27:00 - 27:30 As for the ester, it doesn't react. It's not acidic, it's not basic enough, there's nothing that HCl or sodium hydroxide will have it do, and it will remain in the organic layer. So now, we are effectively done. We've separated each of our four molecules into four different layers, four different solutions. Note that I could have flipped the order of my flowchart. Here I started with acid. I could have very well started with sodium hydroxide. In that
27:30 - 28:00 case, I would have extracted the carboxylate and the phenoxide into that aqueous layer, and then, by using strongly acidic conditions, I would have obtained the anilinium in the aqueous layer and the neutral carboxylic acid in the organic layer. In that case, I would have had the amine and the ester in this organic layer, and by using a little bit of HCl, I would have extracted the ammonium
28:00 - 28:30 salt in the aqueous layer, along with the neutral ester in the organic phase like we have here. Finally, note that all of these reactions are still reversible. So, if I was really interested in obtaining the neutral version of each of my molecules, all I would have to do is reverse the acid-base reaction. So, in the case here, I have a carboxylate. If I want to have the carboxylic acid, all I need to do is put a lot of HCl in there. I'm going to force the pH to be very low. I'm going to force this molecule to go back to the neutral carboxylic acid
28:30 - 29:00 form. The only tricky part here would be the phenol here.

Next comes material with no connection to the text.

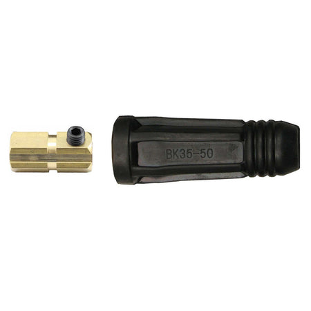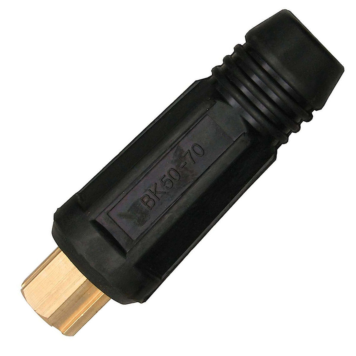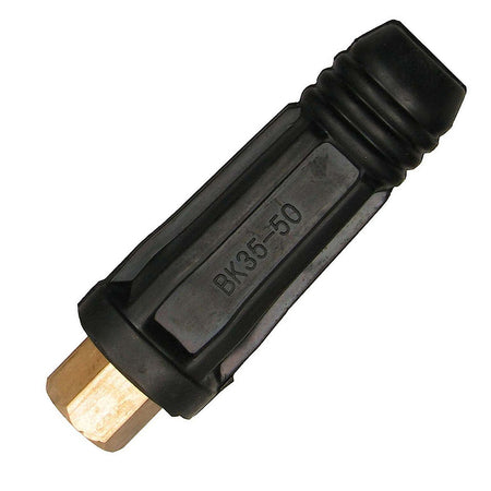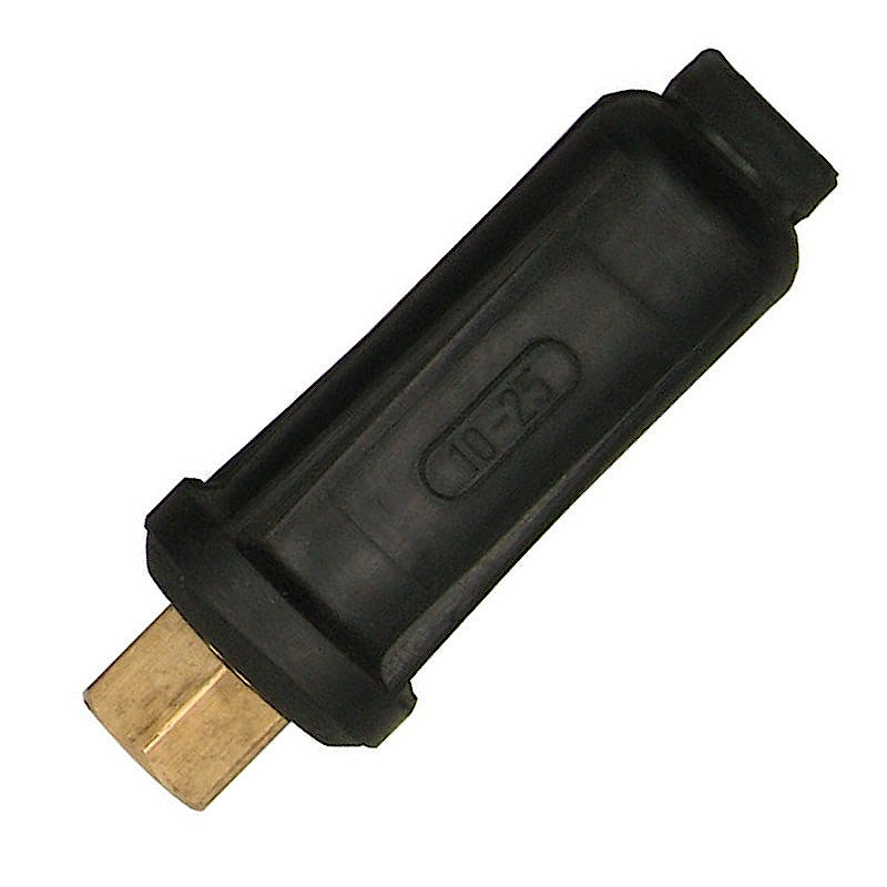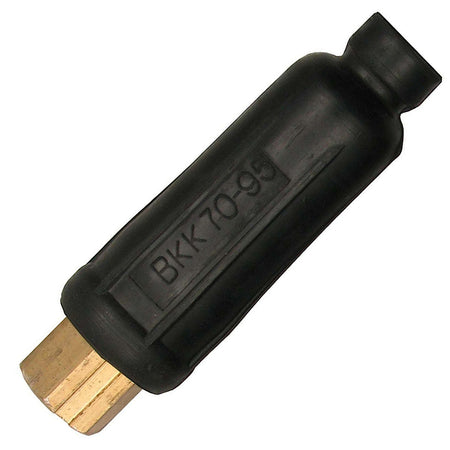 Dinse type socket with female brass connector and insulated rubber cover, suitable for welding cable from 10 to 95mm.

Your pH can't be too acidic, or else you protonate the nitrogen, but it can't be too basic either, or else you deprotonate the phenol. And so, practically speaking, it just means that you would have to be very careful in controlling the pH of your aqueous solution to force the pH to be roughly around 7. If you're at a pH of 7, none of these positions are going to be ionized. You're
29:00 - 29:30 going to have a neutral molecule, and then you'll be able to extract it into an organic layer.